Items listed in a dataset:
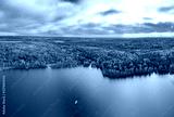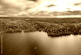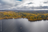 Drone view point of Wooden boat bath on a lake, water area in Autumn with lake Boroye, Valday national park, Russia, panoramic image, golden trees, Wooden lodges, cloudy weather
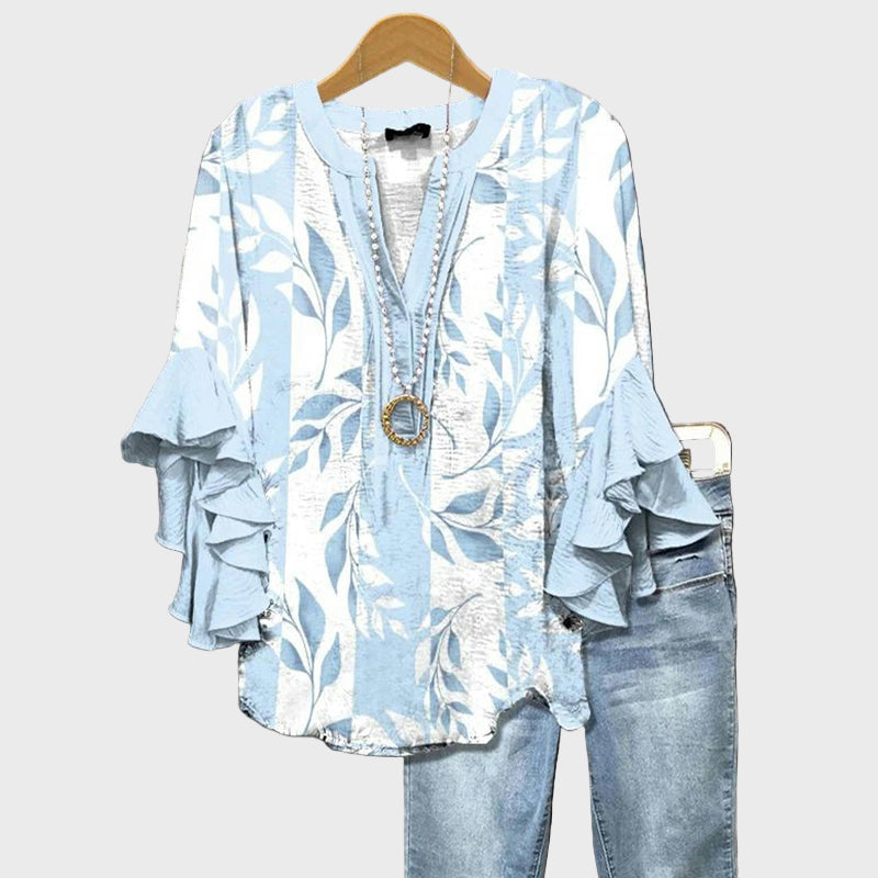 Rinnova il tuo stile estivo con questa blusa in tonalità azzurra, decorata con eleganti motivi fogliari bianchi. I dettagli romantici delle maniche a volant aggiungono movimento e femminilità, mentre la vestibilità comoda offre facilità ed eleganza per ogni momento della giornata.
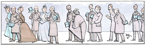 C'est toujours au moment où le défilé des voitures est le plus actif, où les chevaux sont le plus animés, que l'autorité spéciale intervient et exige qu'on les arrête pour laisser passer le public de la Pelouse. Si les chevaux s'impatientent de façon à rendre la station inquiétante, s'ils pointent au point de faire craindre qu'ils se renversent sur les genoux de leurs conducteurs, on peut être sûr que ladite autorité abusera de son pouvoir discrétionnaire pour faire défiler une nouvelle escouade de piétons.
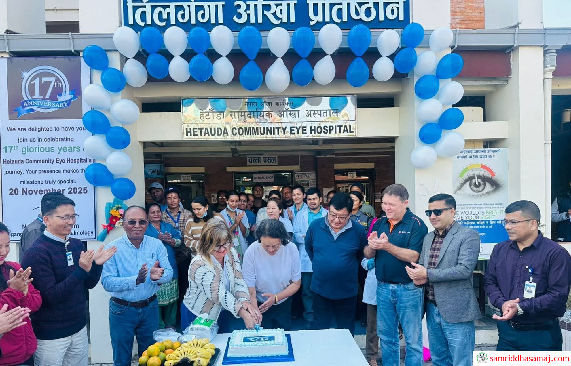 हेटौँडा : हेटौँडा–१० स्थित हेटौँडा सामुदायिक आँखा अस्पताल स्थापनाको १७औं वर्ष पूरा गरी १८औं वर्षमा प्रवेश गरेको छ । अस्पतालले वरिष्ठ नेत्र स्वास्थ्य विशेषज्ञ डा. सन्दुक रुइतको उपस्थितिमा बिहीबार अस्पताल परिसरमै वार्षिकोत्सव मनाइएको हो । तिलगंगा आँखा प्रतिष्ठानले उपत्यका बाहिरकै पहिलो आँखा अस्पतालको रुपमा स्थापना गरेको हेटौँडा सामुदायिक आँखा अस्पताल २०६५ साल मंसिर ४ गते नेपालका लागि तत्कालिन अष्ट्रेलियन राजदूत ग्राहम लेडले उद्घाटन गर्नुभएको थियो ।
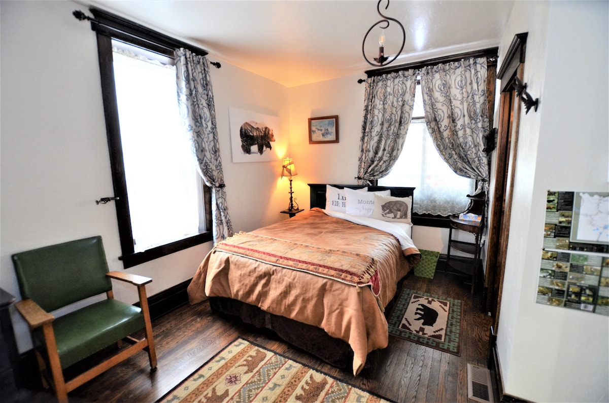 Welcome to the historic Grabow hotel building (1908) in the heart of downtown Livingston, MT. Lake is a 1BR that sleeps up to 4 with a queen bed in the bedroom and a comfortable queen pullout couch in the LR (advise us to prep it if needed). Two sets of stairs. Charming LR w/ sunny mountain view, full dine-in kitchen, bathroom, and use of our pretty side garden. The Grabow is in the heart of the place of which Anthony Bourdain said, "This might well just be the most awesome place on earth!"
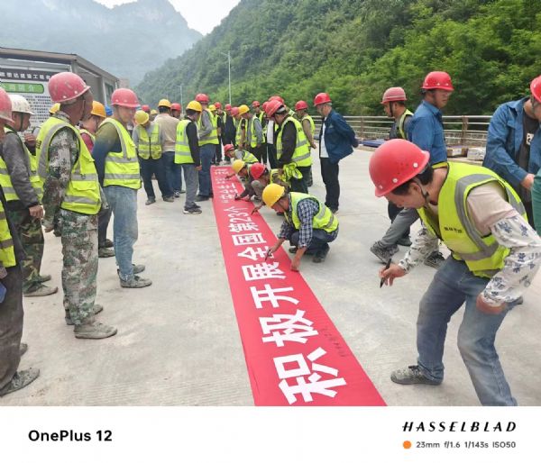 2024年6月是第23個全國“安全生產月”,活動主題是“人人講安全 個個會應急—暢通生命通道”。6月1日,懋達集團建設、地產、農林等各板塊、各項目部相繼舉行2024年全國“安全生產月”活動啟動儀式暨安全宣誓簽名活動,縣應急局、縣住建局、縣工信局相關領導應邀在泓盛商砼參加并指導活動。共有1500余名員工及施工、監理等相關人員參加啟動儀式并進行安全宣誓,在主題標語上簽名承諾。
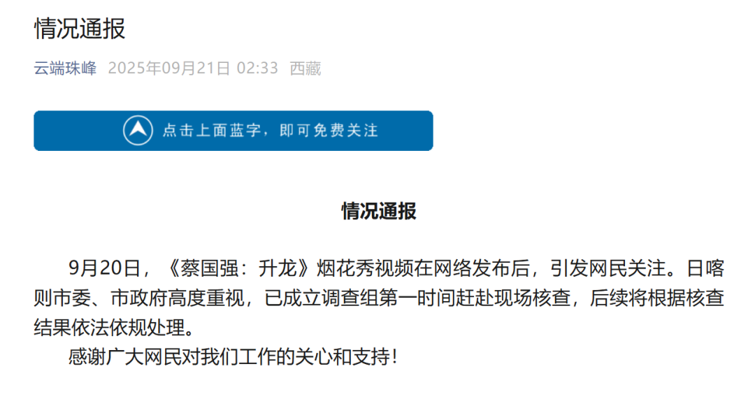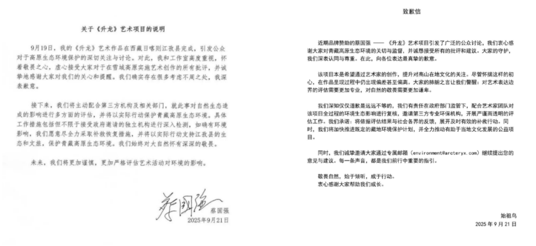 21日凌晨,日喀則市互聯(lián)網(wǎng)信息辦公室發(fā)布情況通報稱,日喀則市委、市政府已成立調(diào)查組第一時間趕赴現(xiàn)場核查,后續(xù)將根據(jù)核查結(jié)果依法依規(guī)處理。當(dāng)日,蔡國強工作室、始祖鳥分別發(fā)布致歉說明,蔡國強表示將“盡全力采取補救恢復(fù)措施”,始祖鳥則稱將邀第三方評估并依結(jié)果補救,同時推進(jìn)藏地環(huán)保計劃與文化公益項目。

**Task item**
Once the pictures are removed, output the entries above exactly as given.

**Answer space**
 Drone view point of Wooden boat bath on a lake, water area in Autumn with lake Boroye, Valday national park, Russia, panoramic image, golden trees, Wooden lodges, cloudy weather
 Rinnova il tuo stile estivo con questa blusa in tonalità azzurra, decorata con eleganti motivi fogliari bianchi. I dettagli romantici delle maniche a volant aggiungono movimento e femminilità, mentre la vestibilità comoda offre facilità ed eleganza per ogni momento della giornata.
 C'est toujours au moment où le défilé des voitures est le plus actif, où les chevaux sont le plus animés, que l'autorité spéciale intervient et exige qu'on les arrête pour laisser passer le public de la Pelouse. Si les chevaux s'impatientent de façon à rendre la station inquiétante, s'ils pointent au point de faire craindre qu'ils se renversent sur les genoux de leurs conducteurs, on peut être sûr que ladite autorité abusera de son pouvoir discrétionnaire pour faire défiler une nouvelle escouade de piétons.
 हेटौँडा : हेटौँडा–१० स्थित हेटौँडा सामुदायिक आँखा अस्पताल स्थापनाको १७औं वर्ष पूरा गरी १८औं वर्षमा प्रवेश गरेको छ । अस्पतालले वरिष्ठ नेत्र स्वास्थ्य विशेषज्ञ डा. सन्दुक रुइतको उपस्थितिमा बिहीबार अस्पताल परिसरमै वार्षिकोत्सव मनाइएको हो । तिलगंगा आँखा प्रतिष्ठानले उपत्यका बाहिरकै पहिलो आँखा अस्पतालको रुपमा स्थापना गरेको हेटौँडा सामुदायिक आँखा अस्पताल २०६५ साल मंसिर ४ गते नेपालका लागि तत्कालिन अष्ट्रेलियन राजदूत ग्राहम लेडले उद्घाटन गर्नुभएको थियो ।
 Welcome to the historic Grabow hotel building (1908) in the heart of downtown Livingston, MT. Lake is a 1BR that sleeps up to 4 with a queen bed in the bedroom and a comfortable queen pullout couch in the LR (advise us to prep it if needed). Two sets of stairs. Charming LR w/ sunny mountain view, full dine-in kitchen, bathroom, and use of our pretty side garden. The Grabow is in the heart of the place of which Anthony Bourdain said, "This might well just be the most awesome place on earth!"
 2024年6月是第23個全國“安全生產月”,活動主題是“人人講安全 個個會應急—暢通生命通道”。6月1日,懋達集團建設、地產、農林等各板塊、各項目部相繼舉行2024年全國“安全生產月”活動啟動儀式暨安全宣誓簽名活動,縣應急局、縣住建局、縣工信局相關領導應邀在泓盛商砼參加并指導活動。共有1500余名員工及施工、監理等相關人員參加啟動儀式并進行安全宣誓,在主題標語上簽名承諾。
 21日凌晨,日喀則市互聯(lián)網(wǎng)信息辦公室發(fā)布情況通報稱,日喀則市委、市政府已成立調(diào)查組第一時間趕赴現(xiàn)場核查,后續(xù)將根據(jù)核查結(jié)果依法依規(guī)處理。當(dāng)日,蔡國強工作室、始祖鳥分別發(fā)布致歉說明,蔡國強表示將“盡全力采取補救恢復(fù)措施”,始祖鳥則稱將邀第三方評估并依結(jié)果補救,同時推進(jìn)藏地環(huán)保計劃與文化公益項目。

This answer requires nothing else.